Method A. write a small file, save it as message.doc, noting the exact time. Make sure autoexec.bat doesn't start Word.
Ctrl-Alt-Del to reboot.
Examine the time stamp for the .TMP file created when Word was started (How is that done? I don't know). Learn that the time stamp says 12:00:30
on Jan 1 1980. indicating that the hardware clock is not working, or, more likely, does not exist. Examine the time stamp for message.doc.
Subtract the difference in times from the time of saving. Assert that this was the time the computer was turned on.
Problem. For other reasons, this time is implausible, suggesting that the time had been altered.
Method B. Close Word.
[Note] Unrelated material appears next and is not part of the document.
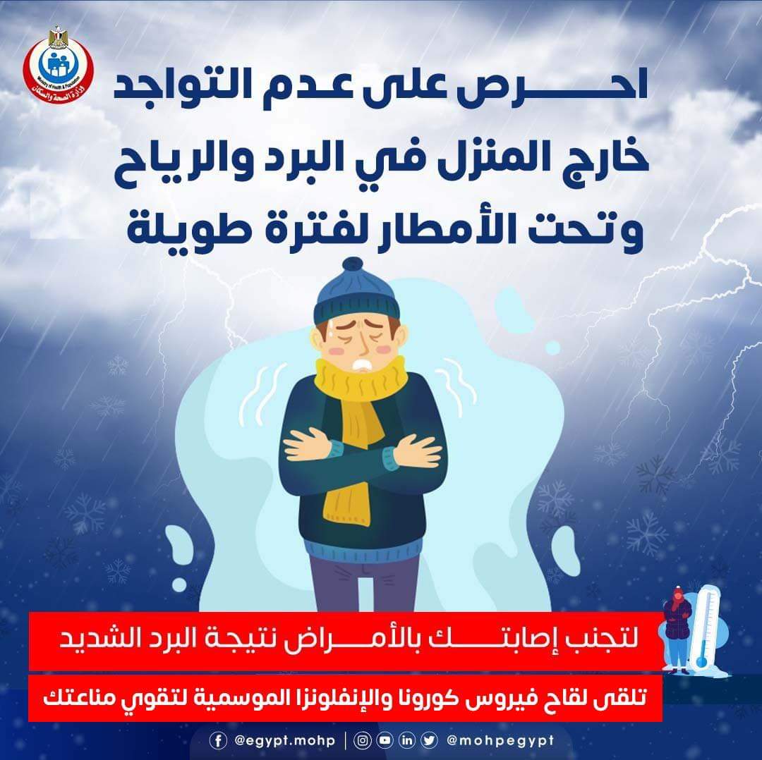 نشرت وزارة الصحة والسكان تنبيها للمواطنين، بعدم التواجد خارج المنزل في فترات البرد الشديد والرياح والأمطار لفترات طويلة لتجنب الإصابة بنزلات البرد الشديدة.

At the C:\ prompt, type TIME, subtract the reading from now. Then use DEBUG and D 40:006c L4 to display the "tick" count since start up. Affirm that it gives the same as the TIME figures, otherwise, work out the real start up time. Too late now. Method A has already been done. But...
Which is best?
"A" erases the tick count, but preserves the .TMP file and its time stamp.
"B" preserves the tick count, but closing Word, apparrently deletes the .TMP file. (Yes, I know that debug can edit the tick count too)
"A" seems conclusive, unless.... might it be possible to alter the time setting from within Word?
My recollection of working with WordPerfect at that time, is that one could do some command-line actions from the File menu. Could one do that in Word?
Some other way?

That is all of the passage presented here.